Exact reproduction of the listing is required. Pictures are not reproduced.

Collected material:
============
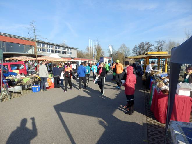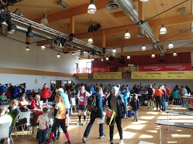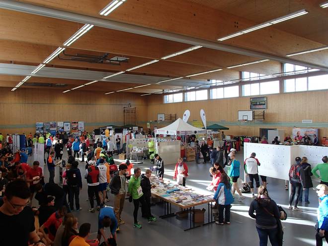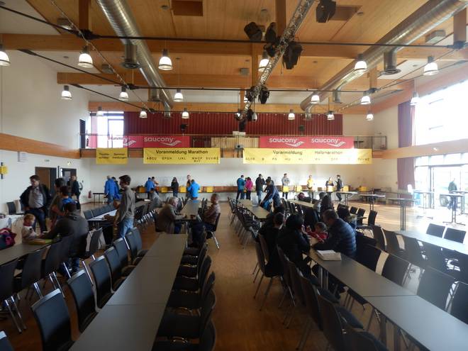 Bienwaldhalle Hier war die Ausgabe der Startnummern und auch eine Marathon-Messe zu finden. |
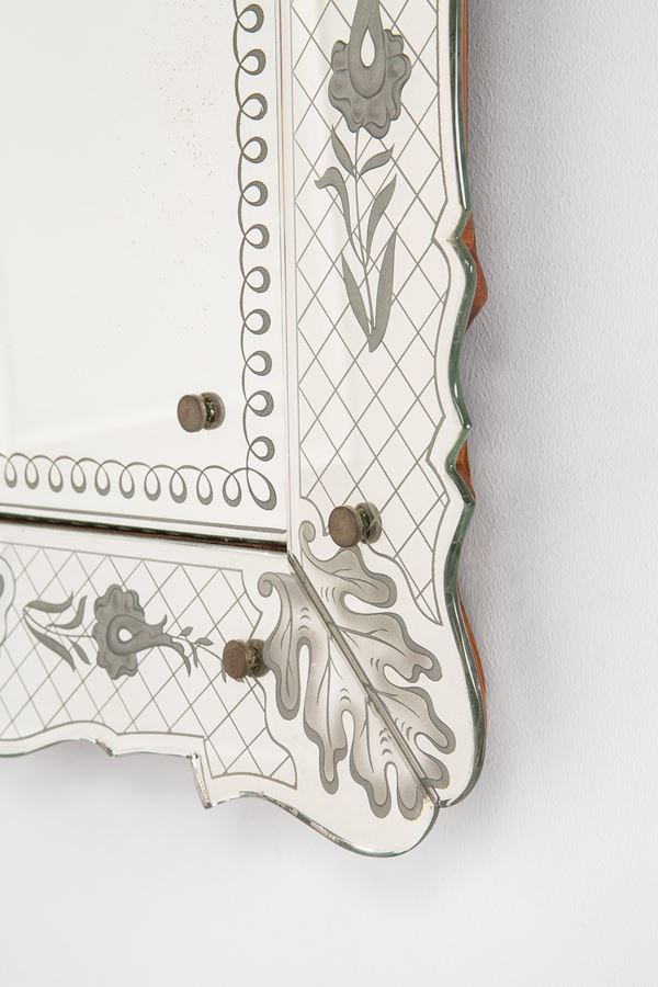 Vetro specchiato, molato e inciso.
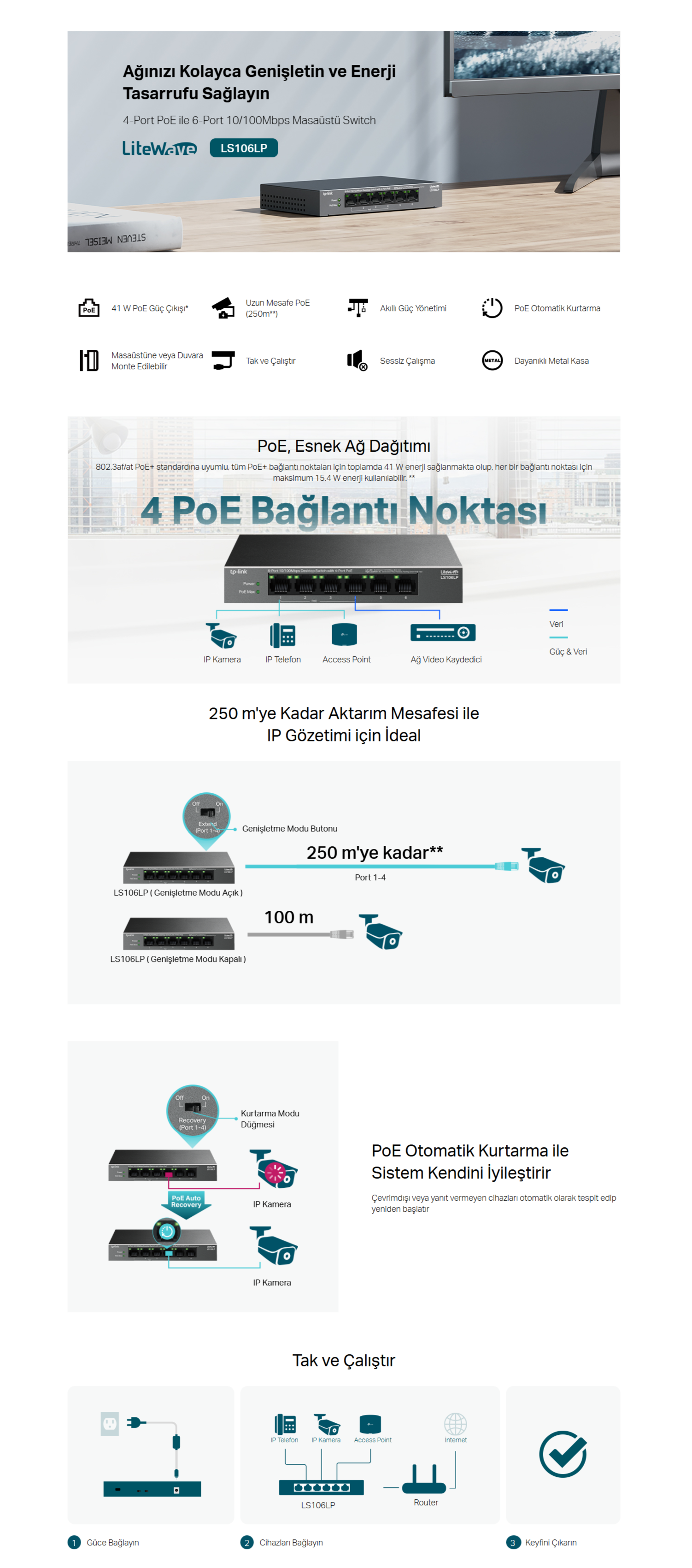 TP-Link LS106LP, Green Tech, 6 Port, Megabit, 4 Port Poe, Metal Kasa, 41W, Yönetilemez, Masaüstü Switch
============
Solution to the exercise:
 Bienwaldhalle Hier war die Ausgabe der Startnummern und auch eine Marathon-Messe zu finden. |
 Vetro specchiato, molato e inciso.
 TP-Link LS106LP, Green Tech, 6 Port, Megabit, 4 Port Poe, Metal Kasa, 41W, Yönetilemez, Masaüstü Switch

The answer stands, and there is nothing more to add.